Football Tasmania CEO Tony Pignata OAM welcomed the commitment as an acknowledgement of the structural gap between participation numbers and available infrastructure, particularly in the state’s south.

“The State Government’s delivery on this commitment shows us that they understand that demand outstrips supply for rectangular facilities in the state,” Pignata said. “If we are to continue to grow and develop future Matildas and Socceroos, we need to invest in the infrastructure our game so desperately needs.”

The proposed $80 million facility would include six full-sized pitches, three synthetic and three turf, alongside four five-a-side pitches, modern changerooms for both men and women, and dedicated training facilities. The design is intended to serve every level of the game simultaneously, from grassroots junior competitions through to national-level tournaments.

From grassroots to A-League ambitions

Football Tasmania has framed the facility’s purpose across a deliberately wide range of uses. At the community end, it would provide a permanent home for junior games and regional tournaments that currently compete for limited rectangular ground availability across the state. At the elite end, it would create the capacity to host national competitions including the Emerging Matildas and Emerging Socceroos Championships, flagship state competitions such as the Statewide Cup finals, and potentially, in time, an A-League team.

That last ambition is the most significant and the most distant. Pignata was measured but direct in raising it, situating a Tasmanian A-League club alongside the NBL’s Jackjumpers, the WNBL’s Jewels and the AFL’s Devils as part of the state’s emerging identity as a home for national sporting competition.

“One day down the track, we anticipate this would become home to our very own A-League team, so that we take our rightful place in the nation’s elite competition,” he said.

The pathway from planning funding to A-League admission is long and would require sustained political and commercial support well beyond the current commitment. But the logic is consistent with how football infrastructure investment has worked elsewhere in Australia. The facility comes first, and the competitive pathway follows. Without a purpose-built ground that meets the standards required for elite competition, the conversation about an A-League team cannot begin in earnest.

The equity dimension

The inclusion of modern women’s and men’s changerooms in the facility’s design carries more weight than it might appear. Community and semi-professional football facilities across Australia have historically been built to male standards, with women’s changerooms added as afterthoughts or not included at all. That inadequacy has been consistently identified as a barrier to female participation and to the hosting of women’s competitions at venues that cannot accommodate them properly.

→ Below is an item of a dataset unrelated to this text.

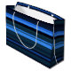 Grand sac cadeau en papier présenté dans un design d'impression à rayures bleues. Customisez cet objet ou achetez tel quel.

A purpose-built facility that treats women’s infrastructure as a design requirement rather than a retrofit positions the Home of Football to serve the growth of women’s football in Tasmania in a way that existing facilities cannot. The state recorded 41,395 registered football participants in 2025, a number that has been growing and that the current rectangular facility stock was not built to support at this scale.

Additionally, the government’s Ticket to Play program, which provides eligible children with two vouchers worth up to $100 each for sporting participation, and the Ticket to Wellbeing program offering $100 vouchers to eligible seniors, represent indirect but meaningful support for football participation across the state’s communities.

Pignata also acknowledged outgoing Football Tasmania President Bob Gordon, who he said had dedicated almost a decade to the organisation and had been instrumental in lobbying for this and other facilities across the state.

The $350,000 planning commitment is a beginning. The $80 million facility it is intended to progress remains subject to further government investment and development approval.